Aon reported third quarter revenue of $2.3 billion, an increase of 6 percent from the $2.2 billion reported for the same period last year.
This increase was driven primarily by a 3 percent increase related to acquisitions, net of divestitures, 2 percent organic revenue growth, and a 1 percent favorable impact from foreign currency translation, Aon said.
Net income attributable to Aon shareholders was $185 million, or $0.72 per share, a 42 percent drop from $319 million, or $1.18 per share, reported during the prior year period.
Total operating expenses in the third quarter increased 13 percent to $2.1 billion, compared to $1.8 billion during the prior year period. The operating expenses’ figure included restructuring costs of $102 million in the third quarter, primarily driven by workforce reductions, IT rationalization, and other separation costs.

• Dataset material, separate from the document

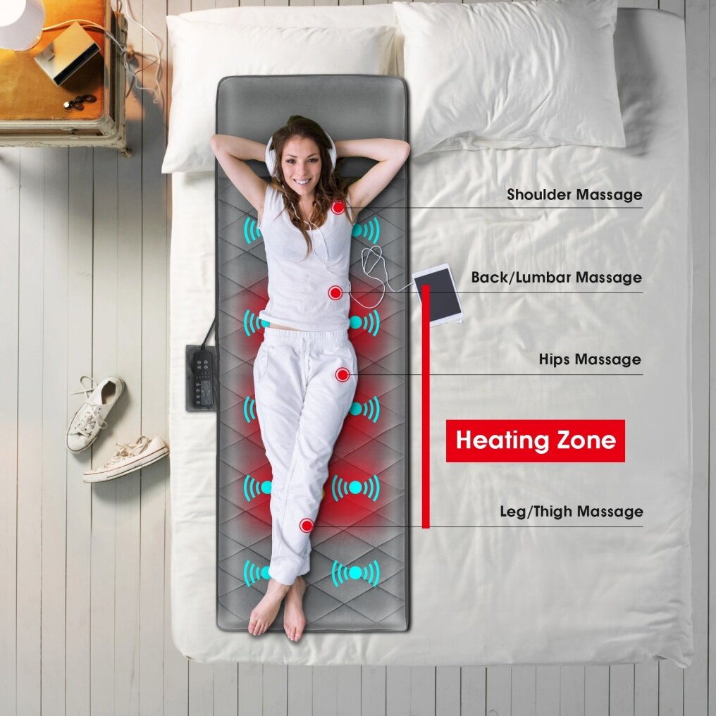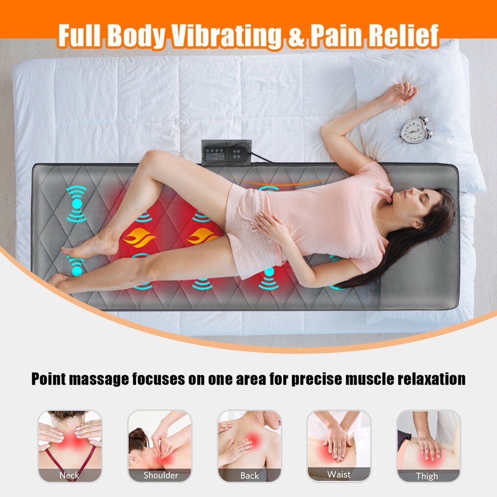 ● Full Body Massage Mat: The vibration therapy pad features 10 vibration motors, 5 vibration modes, 4 selection areas, and 3 intensity levels to provide you with customized comfort. These energetic kneading shiatsu massagers work together to perform the deep massage of precise acupoints of the body, relax your tired muscles and relieve joint pain and spasms.

Other earnings highlights include:
Revenue for the company’s Commercial Risk Solutions unit increased by 4 percent during the third quarter to $917 million, compared with $884 million for Q3 2017.
Revenue for Reinsurance Solutions increased by 8 percent to $355 million, compared with $329 million for Q3 2017.

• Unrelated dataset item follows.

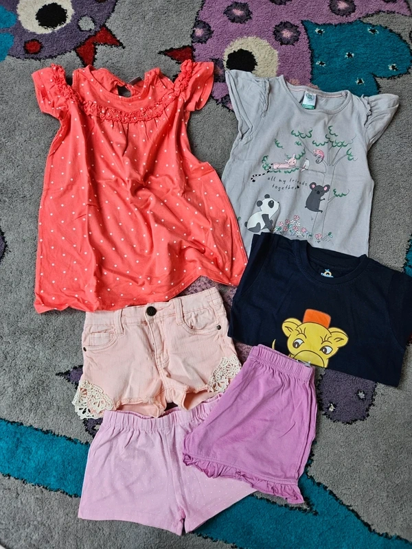Set oblečení pro holčičku v.110 - [19.3. 2026]Set, mix značek v hezkém stavu. 2 x triko zdarma - od barviček viz. foto. Vel. 110

Revenue for Retirement Solutions increased by 5 percent to $491 million, compared with $466 million for Q3 2017.
Revenue for Health Solutions increased by 11 percent to $293 million, compared with $265 million for the same period last year.
Data & Analytic Services increased by 11 percent to $289 million, compared with $260 million last year.
“Our results for the quarter reflect strong organic revenue growth in our reinsurance business, 170 basis points of adjusted operating margin improvement, and 18 percent adjusted earnings per share growth, highlighting increased operating leverage in our Aon United operating model and effective capital management with the repurchase of $750 million of shares in the quarter.” said Greg Case, president and chief executive Officer.
“Looking forward, we expect a strong finish to the year as we head into our seasonally strongest quarter,” added Case, who said the broker is on track “to exceed $7.97 adjusted earnings per share in 2018 and deliver double-digit free cash flow growth over the long-term.”